BRIGADIER GENERAL THOMAS ROSSER'S Laurel Brigade trailed Sheridan's army as the Yankees burned and destroyed. Rosser, twenty-seven, was a West Point classmate and friend of George Custer. Until he was severely wounded in 1862, Rosser was an artillery officer and best known for having shot down a Union observation balloon. Returning to duty, he was given command of a cavalry regiment and quickly made a reputation for daring attacks, much like his former classmate.

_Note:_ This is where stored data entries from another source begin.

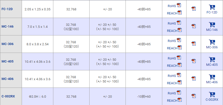 | 晶振型號編碼 | 尺寸(長寬高) | 型號 | 頻率 | 負載電容 | 頻率偏差 | 工作溫度 | ESR阻值 |
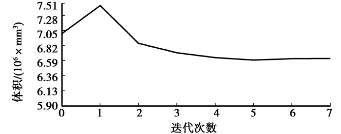 4.3 轻量化结果根据前面确定的车架优化的设计变量、目标函数和约束条件后,提交给Optistruct求解器分析,经过7步迭代后得到车架尺寸优化的结果如表 5所示,优化过程中目标函数的变化曲线图如图 9所示。最终减重了6.606 3 kg,优化后车架总体质量减轻了25.9%。
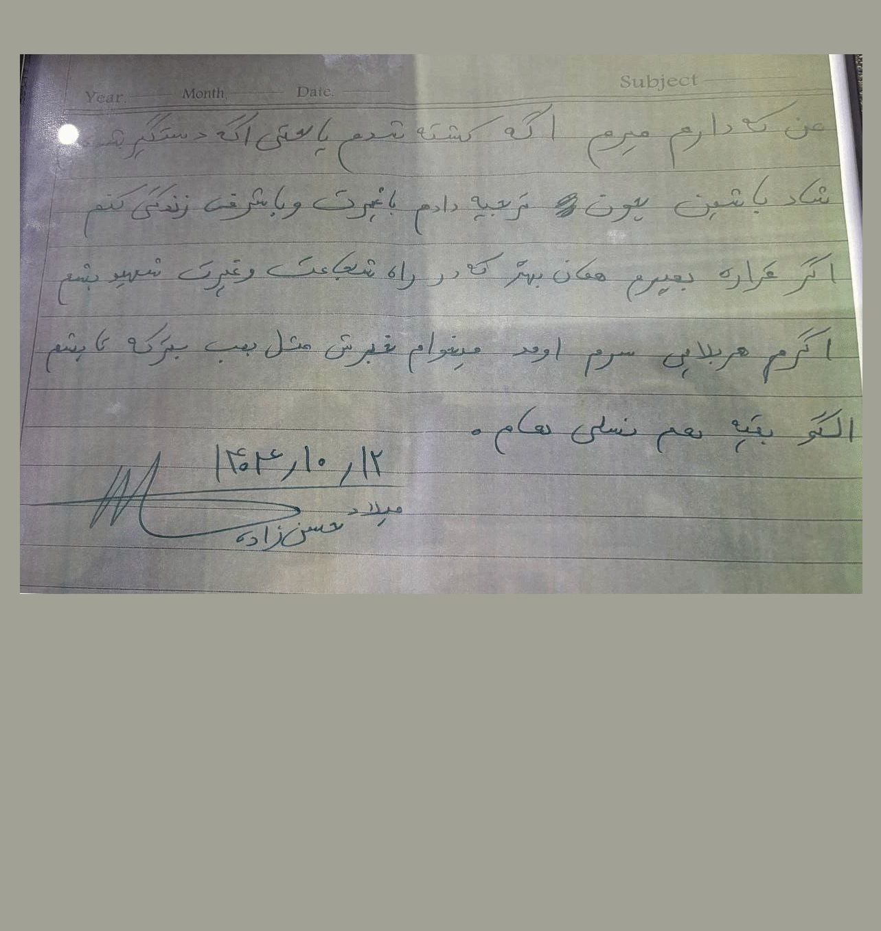 وصیت‌نامه میلاد حسن‌زاده: اگر کشته شدم، بدانید ترجیح دادم باشرف باشم
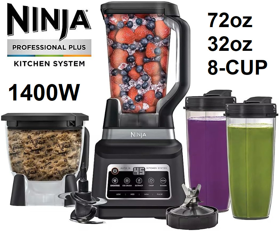 NINJA PROFESSIONAL PLUS BLENDER WITH AUTO IQ - 72oz pitcher - 1400 WATT - BLACK/grey (Model: BN701C)
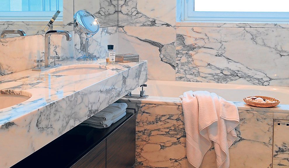 Para los baños se utilizó mármol travertino, salvo en el principal que está revestido en mármol arabescato tanto en la parte de bacha y bañera como en el compartimiento para la ducha y la parte del toilette. Cuando uno parte lejos de su tierra natal muchas veces no es fácil sentirse en casa, pero sin dudas Florencia (más allá de lo profesional) hizo que las dueñas se planteen quedarse más tiempo en nuestra ciudad.

His proud cavalrymen wore laurel sprigs in their hats, just as members of Custer's Wolverine Brigade had adopted the red cravat as its signature, in imitation of their leader. At Trevilian Station, Rosser was wounded again while leading his brigade against Custer's. The friends were fated to soon meet in battle once more.
35
The Valley's Confederate loyalists anointed Rosser the “Savior of the Valley” before his men had even fired a shot—so desperate were they to believe that Sheridan might yet be driven off and their farmsteads preserved. Early demonstrated his confidence in Rosser by giving him Fitzhugh Lee's two brigades while Lee recovered from wounds suffered at Winchester. With his division of 3,000 men, Rosser skirmished with Sheridan's rearguard—Custer's division—near Brock's Gap on October 6, the day “the Burning” commenced. Operating nearby, but independently, was Early's
other cavalry division, commanded by Brigadier General Lunsford Lomax. The two divisions reported separately to Early and had little contact with one another.
36
On October 7, the thick smoke from the smoldering fields and barns so cloaked both armies that Rosser fell upon Sheridan's rear before either side was even aware of the other's presence. Inspired by their “hatred of the wretches” destroying their food supply, the Rebels scattered Sheridan's cavalrymen and pursued them for miles. Rosser's division continued to follow the Union army north toward Strasburg. When his men bivouacked on October 8, a Union cavalry force was camped nearby, on the other side of Tom's Brook.